Menurut ketua PJS Bolmut Romi Lantapa, menghapus berita merupakan tindakan yang berpotensi menimbulkan dampak negatif pada kredibilitas dari media itu sendiri.

Ia jelaskan, menghapus produk berita bukan tidak bisa dilakukan, tapi ada mekanismenya, dan harus dilakukan dengan sangat hati-hati.

“Alasan pencabutan harus jelas, misalnya seperti adanya pelanggaran kode etik jurnalistik, sebagai contoh berita mengandung unsur sara, kesusilaan, atau merugikan masa depan anak,” tegasnya.

Lebih jauh, dirinya juga menyayangkan upaya pihak yang merasa dirugikan dengan melakukan permintaan men-takedown (menghapus) berita.

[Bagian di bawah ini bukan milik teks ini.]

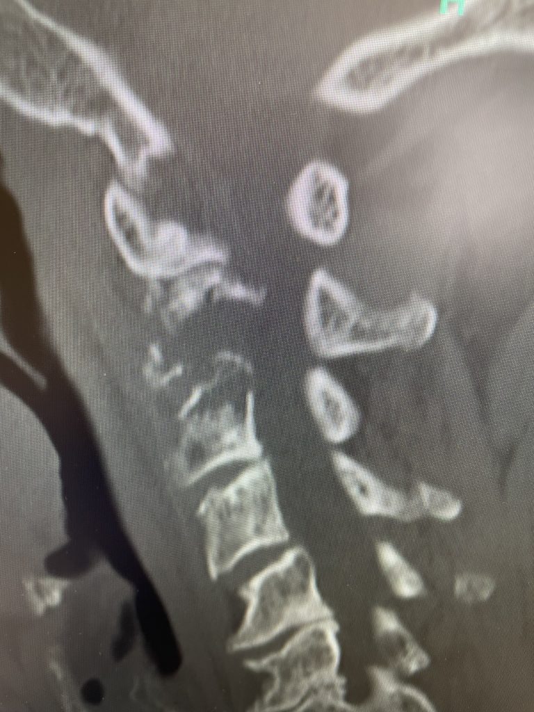 Fig 2: Sagittal CT scan demonstrating progression of disease into C3 vertebral body

Baginya, langkah seperti ini merupakan bagian dari intimidasi terhadap kebebasan pers.

“Seharusnya pihak yg merasa dirugikan menggunakan hak jawab sebagai bentuk profesionalisme atas dasar saling menghormati dan menjunjung tinggi kebebasan pers yang bertanggung jawab, bukan sebaliknya,” bebernya.

Sementara itu, wartawan sulawesion.com wilayah Bolmut Fandri Mamonto berpandangan sama, menurut dia, meminta menghapus berita adalah upaya melemahkan kemerdekaan pers.

Dia mengunkap, langkah seperti ini merupakan intimidasi dan serangan langsung terhadap kerja-kerja jurnalis.

Dimana yang kita ketahui tindakan intimidasi terhadap jurnalis secara langsung bertentangan dengan jaminan perlindungan hukum tentang Pers.

“Dan tentu juga ini menghalangi kerja-kerja jurnalistik,” ujar mantan wartawan Manado Post itu.

Ia menambahkan, jika tidak setuju dengan sebuah berita seharusnya harus direspon dengan cara-cara yang telah diatur dan ada mekanismenya. Bisa gunakan hak jawab atau adukan ke dewan pers.

“Bukan dengan meminta menghapus sebuah berita,” sesalnya.

Sebelumnya, wartawan liputan15.com berusaha turun ke lokasi persawahan Ollot – Sonuo. Singkat cerita, disana kami banyak bertemu dengan petani yang sedang bercocok tanam.

Pertemuan itu kami simpulkan menjadi sebuah tulisan dengan judul “Petani Sawah Soroti Proyek Irigasi Ollot Milik PT Hutama Karya: Ganggu Musim Tanam Kami”.

Sehari setelahnya, artikel lainnya juga diterbitkan dengan judul “Diduga Bermasalah, Kejari Bolmut Turun ke Lokasi Irigasi Ollot Milik PT Hutama Karya.